> TASK TO COMPLETE:
Without including any pictures, reproduce the full listing exactly.

> DATA PROVIDED:
· · · · ·

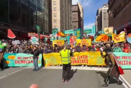 প্রেসিডেন্ট ট্রাম্প ও তাঁর প্রশাসনের নীতির বিরুদ্ধে দেশব্যাপী ‘নো কিংস’ র্যালির অংশ হিসেবে নিউ ইয়র্কবাসীরা টাইমস স্কয়ারের চারপাশের রাস্তায় ভিড় জমায় এবং প্ল্যাকার্ড হাতে স্লোগান দেন।
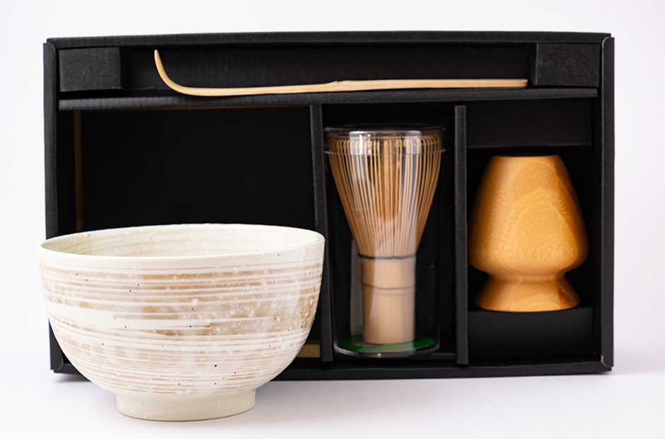 K sadě si můžete dokoupit čaj matcha v malé kovové dóze.
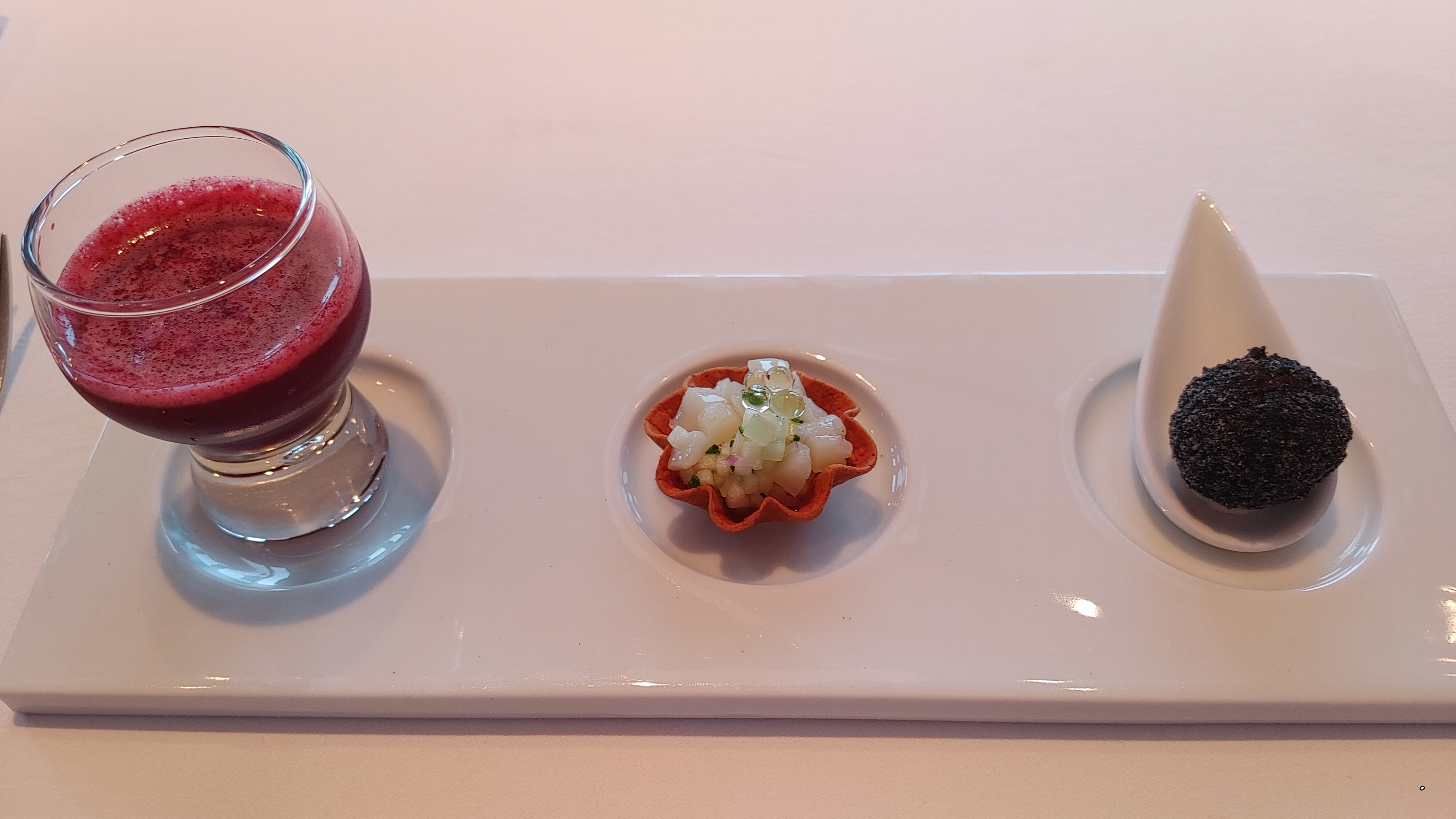 '브라타 치즈와 두릅부케를 곁들인 랍스타 전채, 샴페인토마토, 금귤' 예전에 갔던 주옥이 너무 아름답게 데코레이션 해서 그렇지 먹기 전에 이쁜 작품을 감상하는 듯한 마음이 들었습니다.
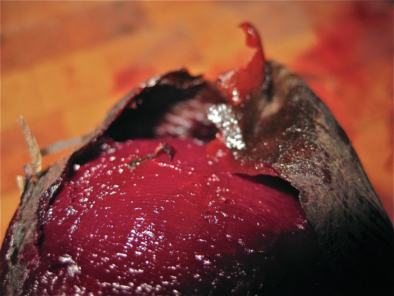 I am crazy about beets, and roasting them really brings out their earthy-mineral sweetness distilling the essence of the root vegetable as the process tends to dry out the root into a confit-like product which I adore. When they are cool enough to handle, they peel like a charm and your hands to do not get stained at all as they do when beets are boiled. The golden beets are so beautiful this time of year, as well.

· · · · ·

> RESPONSE BELOW:
 প্রেসিডেন্ট ট্রাম্প ও তাঁর প্রশাসনের নীতির বিরুদ্ধে দেশব্যাপী ‘নো কিংস’ র্যালির অংশ হিসেবে নিউ ইয়র্কবাসীরা টাইমস স্কয়ারের চারপাশের রাস্তায় ভিড় জমায় এবং প্ল্যাকার্ড হাতে স্লোগান দেন।
 K sadě si můžete dokoupit čaj matcha v malé kovové dóze.
 '브라타 치즈와 두릅부케를 곁들인 랍스타 전채, 샴페인토마토, 금귤' 예전에 갔던 주옥이 너무 아름답게 데코레이션 해서 그렇지 먹기 전에 이쁜 작품을 감상하는 듯한 마음이 들었습니다.
 I am crazy about beets, and roasting them really brings out their earthy-mineral sweetness distilling the essence of the root vegetable as the process tends to dry out the root into a confit-like product which I adore. When they are cool enough to handle, they peel like a charm and your hands to do not get stained at all as they do when beets are boiled. The golden beets are so beautiful this time of year, as well.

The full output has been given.